Ogletree spoke to the Guinness organization – whose database of 40,000 world records has long been a source of fascination – about how in July 2023 she set the mark for largest individual donation of breastmilk by an individual: 2,645.58 litres.
It was her second time clinching the achievement. She also captured the Guinness mark in 2014 by donating 1,569.79 litres.
Ogletree began carving out her unique place in the record books by combining her desire to assist others with her realization that she was producing an unusually large amount of milk after her first son, Kyle, now 14, was born in 2010.
A nurse at the hospital where Kyle was born told her that she could donate the extra amount to mothers who wanted to feed breastmilk to their babies but were struggling.
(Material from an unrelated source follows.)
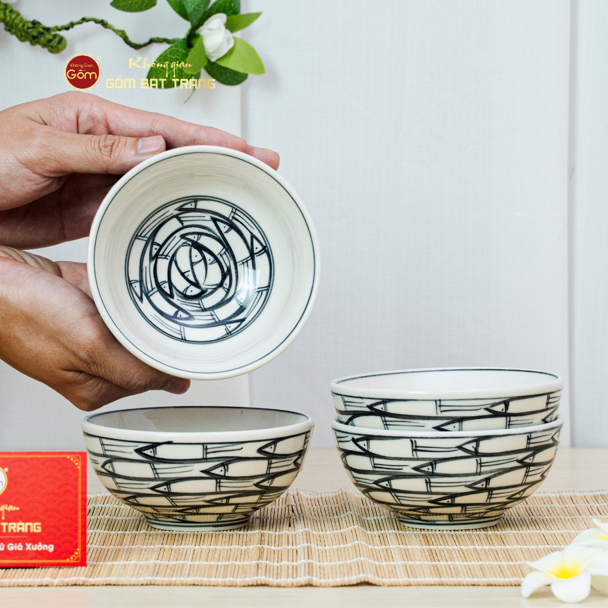 - Tên sản phẩm: Bát Cơm Men Trắng Vẽ Cá Đàn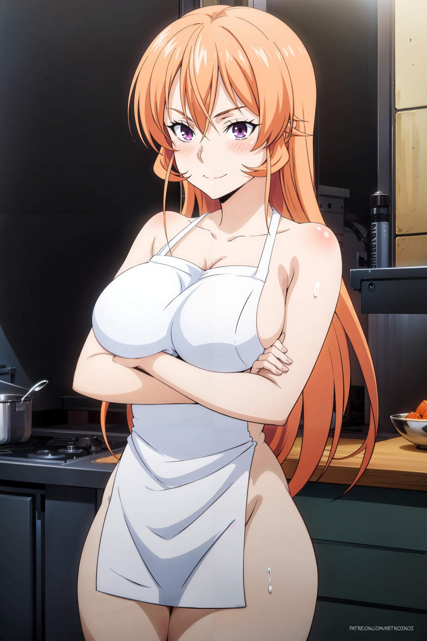 414105 BustyBusty Hentai – 1girl alluring apron only big breasts kitchen koikoi (artist) mischievous grin by calum1998

Ogletree told Guinness: “I ended up donating everything I had saved up to that point.”
She decided she would do the same not only after the births of her two other sons – Kage, 12, and Kory, seven – but also upon acting as a surrogate mother.
“I think I was just as excited about donating again as I was to be growing my family,” Ogletree told Guinness.
Ogletree, an executive manager at a commercial truck manufacturer, said she first sought recognition from Guinness when she saw a news article about another mother having set the mark at the time – then calculating in her head that she could surpass it within three months.
She explained that she has never been diagnosed with any condition that would explain the level at which she produces breastmilk, saying she believes a focus on hydration as well as a healthy diet have helped.
Remarkably, only donations to Mothers’ Milk Bank of North Texas have counted toward her total. But she said she has also donated an additional 2,000 litres to another milk bank – Tiny Treasures – as well as close friends in need.
She said Mothers’ Milk Bank of North Texas told her that every litre of breastmilk donated can feed 11 premature babies. If that is accurate, “I’ve helped over 350,000 babies” with the amount donated to that specific group alone, she reportedly told Guinness.
Ogletree said that she wanted to use the spotlight the Guinness record afforded her to highlight how women may be in a position to aid mothers and their babies without realizing it.
A statement from the executive director of Mothers’ Milk Bank of North Texas, Shaina Stanks, said her institution was left “astounded and inspired” by how Ogletree had delivered “an incomprehensible amount of surplus breastmilk to fragile infants”.
“Her life-saving efforts are an undeniable testament to her extraordinary generosity and compassion,” Stanks’ statement added.